__Problem details__: Starting at the line containing "Говядина высший сорт" and ending at the line containing "Pantalones de senderismo", print every line of the material below exactly, both ends included, and stop there.

__Supplied material__:
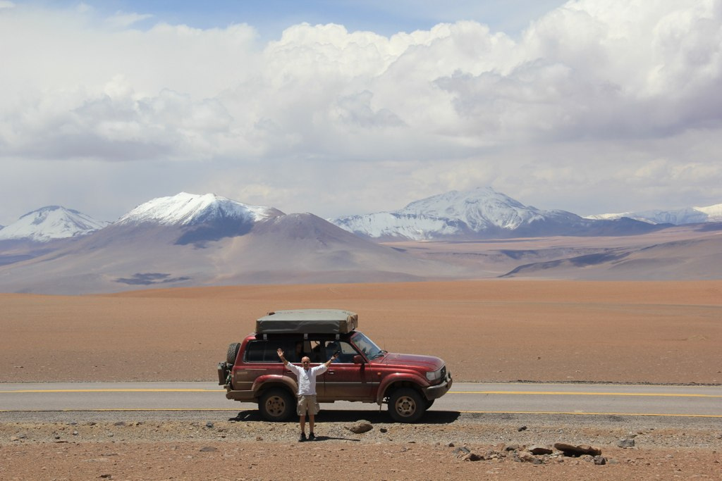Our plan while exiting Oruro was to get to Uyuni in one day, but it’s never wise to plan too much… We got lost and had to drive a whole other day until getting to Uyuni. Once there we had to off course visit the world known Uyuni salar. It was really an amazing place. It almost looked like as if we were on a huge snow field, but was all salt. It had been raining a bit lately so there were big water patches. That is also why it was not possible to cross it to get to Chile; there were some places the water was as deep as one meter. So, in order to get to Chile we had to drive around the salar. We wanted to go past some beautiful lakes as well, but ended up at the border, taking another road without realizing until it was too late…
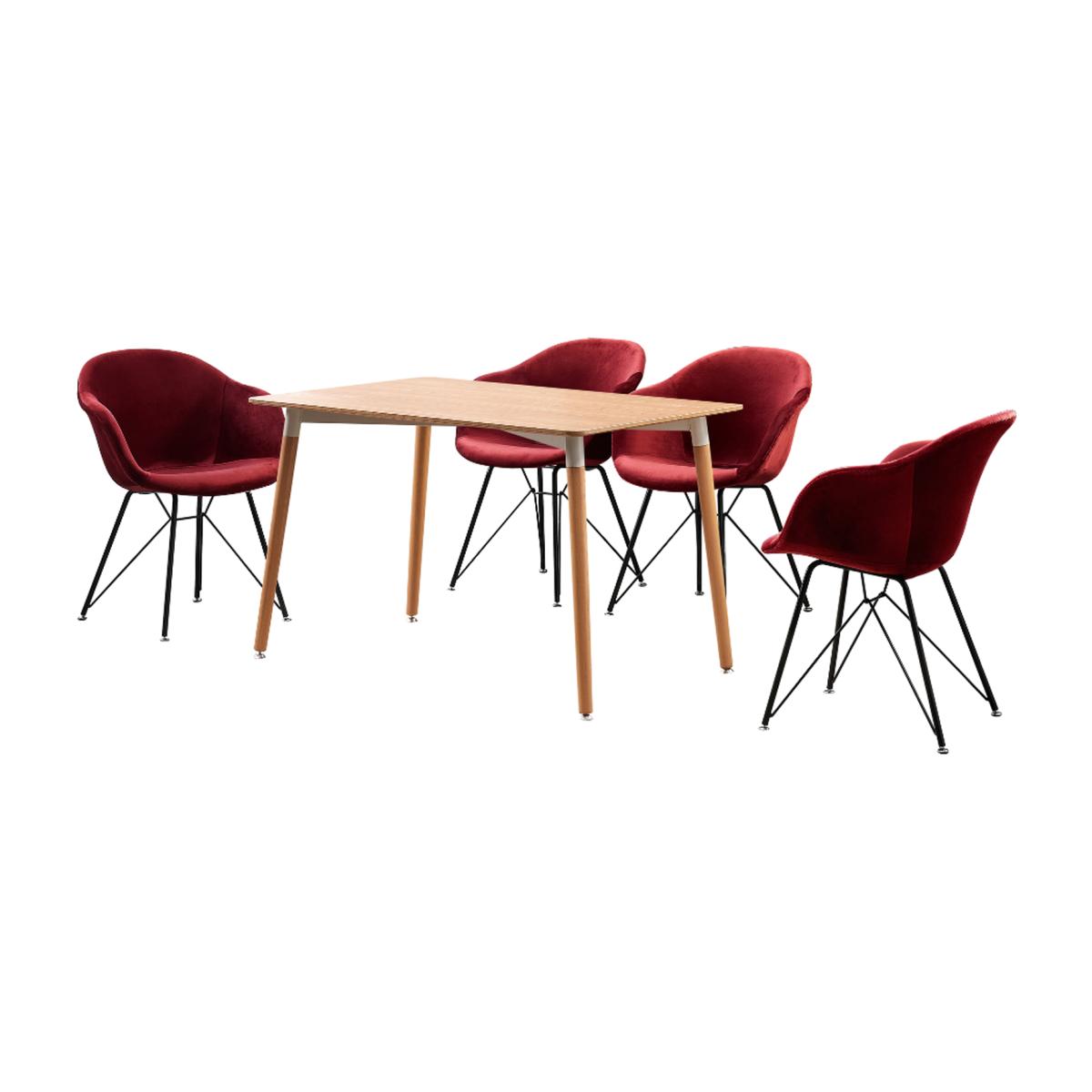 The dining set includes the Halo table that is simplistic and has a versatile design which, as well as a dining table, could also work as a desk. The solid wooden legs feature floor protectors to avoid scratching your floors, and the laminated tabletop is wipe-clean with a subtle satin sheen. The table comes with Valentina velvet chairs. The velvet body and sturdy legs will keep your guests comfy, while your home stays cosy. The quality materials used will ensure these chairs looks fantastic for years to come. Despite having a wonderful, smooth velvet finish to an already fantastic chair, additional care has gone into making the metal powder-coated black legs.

...

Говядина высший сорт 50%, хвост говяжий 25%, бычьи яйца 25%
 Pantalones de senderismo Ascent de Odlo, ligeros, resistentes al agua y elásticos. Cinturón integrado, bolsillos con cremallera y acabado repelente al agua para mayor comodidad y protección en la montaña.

__Task response__:
Говядина высший сорт 50%, хвост говяжий 25%, бычьи яйца 25%
 Pantalones de senderismo Ascent de Odlo, ligeros, resistentes al agua y elásticos. Cinturón integrado, bolsillos con cremallera y acabado repelente al agua para mayor comodidad y protección en la montaña.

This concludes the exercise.